§ The problem
Among the entries below, take the line with "Chicago, Porcelain White" and the line with "Randomisation is widely", and output them and every line between them exactly, with nothing else.

§ Material provided

[Start of Attachment]

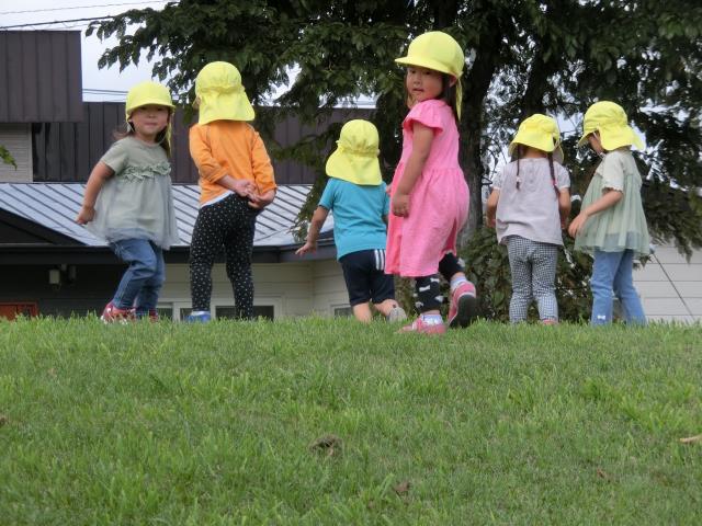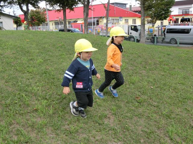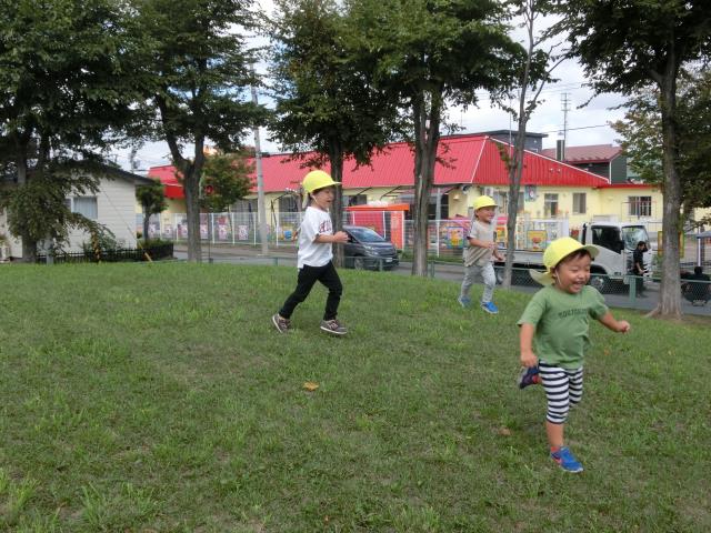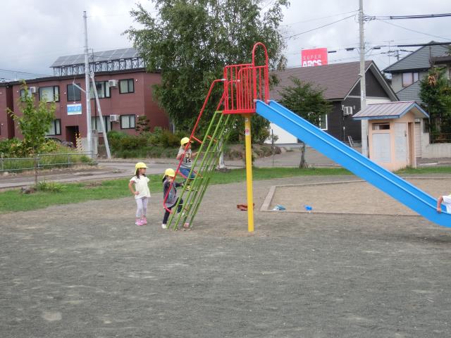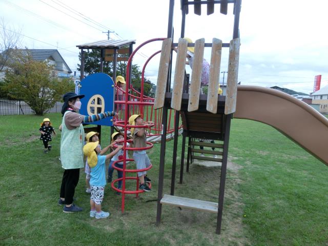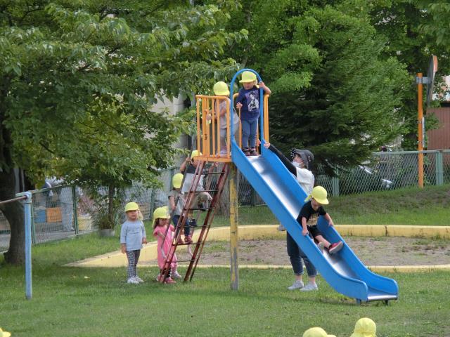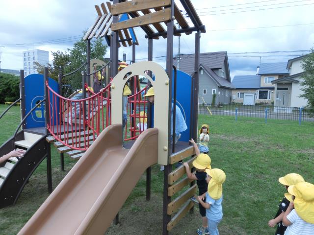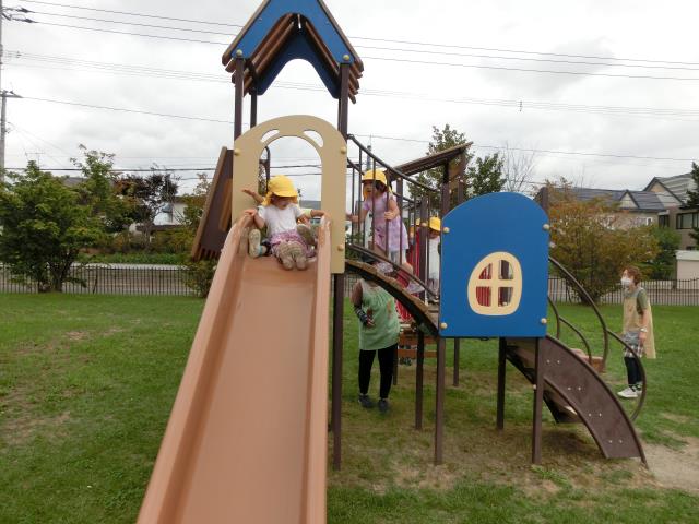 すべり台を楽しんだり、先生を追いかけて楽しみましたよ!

[End of Attachment]
[Start of Attachment]

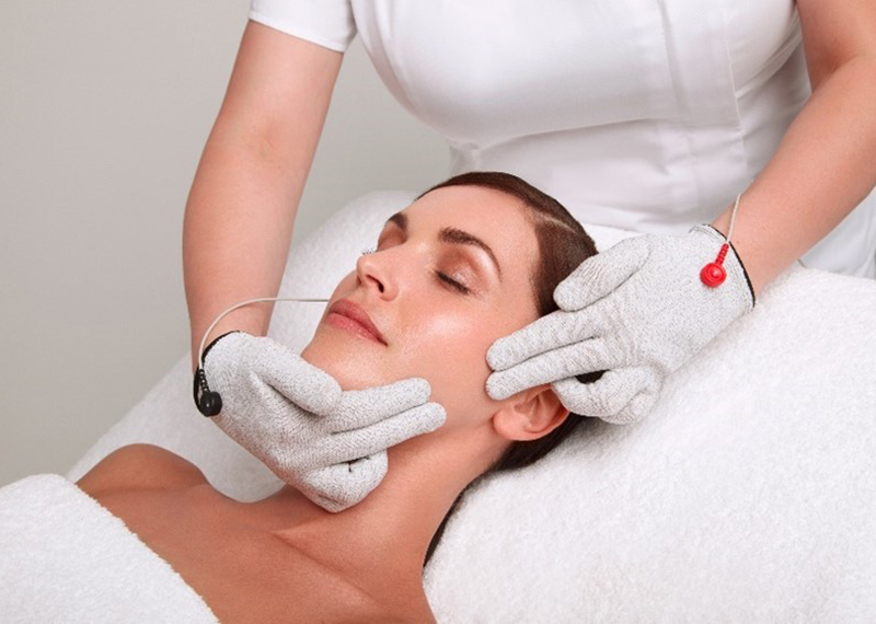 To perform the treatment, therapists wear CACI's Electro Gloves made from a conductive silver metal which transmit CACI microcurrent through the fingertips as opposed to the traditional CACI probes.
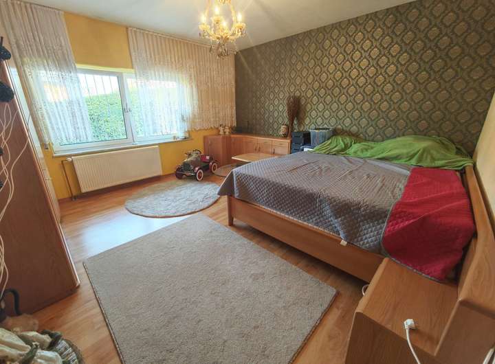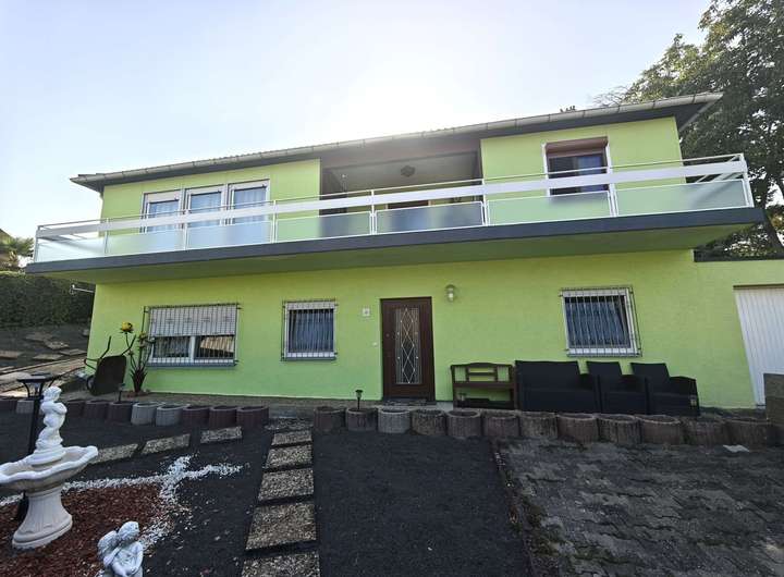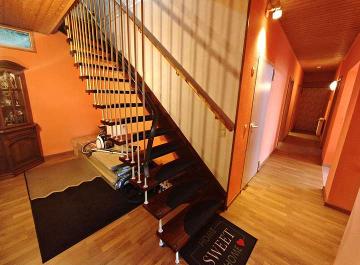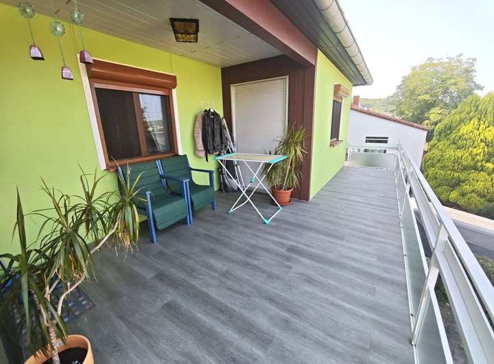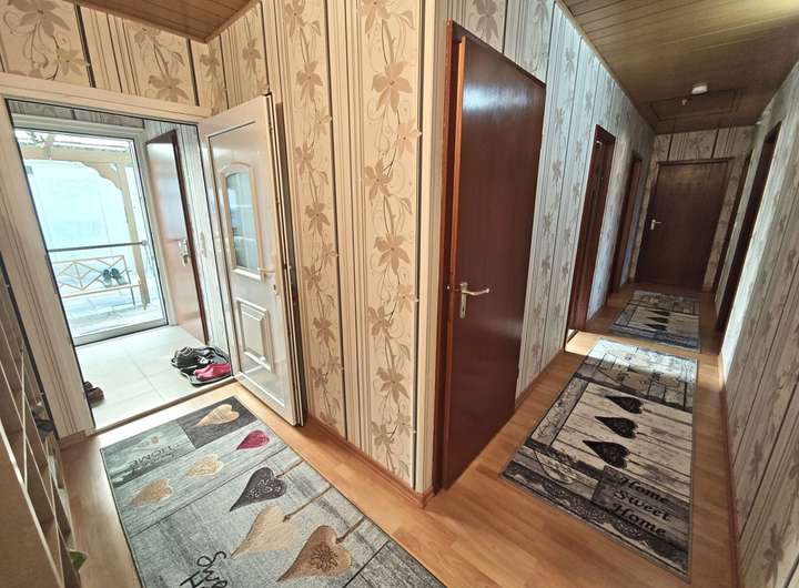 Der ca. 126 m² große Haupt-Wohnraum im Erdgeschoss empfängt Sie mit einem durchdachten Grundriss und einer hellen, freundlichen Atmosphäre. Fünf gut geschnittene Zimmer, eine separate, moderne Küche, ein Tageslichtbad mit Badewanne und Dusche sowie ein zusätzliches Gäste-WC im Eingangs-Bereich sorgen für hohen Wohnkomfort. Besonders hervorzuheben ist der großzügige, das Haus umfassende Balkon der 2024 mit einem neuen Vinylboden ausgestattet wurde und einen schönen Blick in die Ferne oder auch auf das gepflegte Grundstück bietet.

[End of Attachment]
[Start of Attachment]

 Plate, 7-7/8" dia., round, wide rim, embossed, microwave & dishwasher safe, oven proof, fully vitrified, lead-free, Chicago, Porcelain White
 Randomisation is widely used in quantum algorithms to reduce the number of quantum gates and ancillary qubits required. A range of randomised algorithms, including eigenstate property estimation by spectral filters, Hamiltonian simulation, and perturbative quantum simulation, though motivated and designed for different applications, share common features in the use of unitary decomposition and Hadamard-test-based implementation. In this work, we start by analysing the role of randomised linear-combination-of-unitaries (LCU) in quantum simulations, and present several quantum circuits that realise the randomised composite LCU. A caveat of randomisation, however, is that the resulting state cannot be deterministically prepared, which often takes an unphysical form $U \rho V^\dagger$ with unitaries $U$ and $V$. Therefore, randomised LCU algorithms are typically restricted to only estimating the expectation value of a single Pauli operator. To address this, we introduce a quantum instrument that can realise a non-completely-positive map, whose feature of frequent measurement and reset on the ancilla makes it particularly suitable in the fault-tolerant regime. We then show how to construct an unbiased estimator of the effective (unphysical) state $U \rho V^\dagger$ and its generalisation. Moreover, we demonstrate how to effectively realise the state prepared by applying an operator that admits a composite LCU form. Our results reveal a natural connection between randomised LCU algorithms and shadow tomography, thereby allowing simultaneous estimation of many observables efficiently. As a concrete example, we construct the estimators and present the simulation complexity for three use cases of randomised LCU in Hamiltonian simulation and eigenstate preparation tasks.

[End of Attachment]

§ Finished exercise
 Plate, 7-7/8" dia., round, wide rim, embossed, microwave & dishwasher safe, oven proof, fully vitrified, lead-free, Chicago, Porcelain White
 Randomisation is widely used in quantum algorithms to reduce the number of quantum gates and ancillary qubits required. A range of randomised algorithms, including eigenstate property estimation by spectral filters, Hamiltonian simulation, and perturbative quantum simulation, though motivated and designed for different applications, share common features in the use of unitary decomposition and Hadamard-test-based implementation. In this work, we start by analysing the role of randomised linear-combination-of-unitaries (LCU) in quantum simulations, and present several quantum circuits that realise the randomised composite LCU. A caveat of randomisation, however, is that the resulting state cannot be deterministically prepared, which often takes an unphysical form $U \rho V^\dagger$ with unitaries $U$ and $V$. Therefore, randomised LCU algorithms are typically restricted to only estimating the expectation value of a single Pauli operator. To address this, we introduce a quantum instrument that can realise a non-completely-positive map, whose feature of frequent measurement and reset on the ancilla makes it particularly suitable in the fault-tolerant regime. We then show how to construct an unbiased estimator of the effective (unphysical) state $U \rho V^\dagger$ and its generalisation. Moreover, we demonstrate how to effectively realise the state prepared by applying an operator that admits a composite LCU form. Our results reveal a natural connection between randomised LCU algorithms and shadow tomography, thereby allowing simultaneous estimation of many observables efficiently. As a concrete example, we construct the estimators and present the simulation complexity for three use cases of randomised LCU in Hamiltonian simulation and eigenstate preparation tasks.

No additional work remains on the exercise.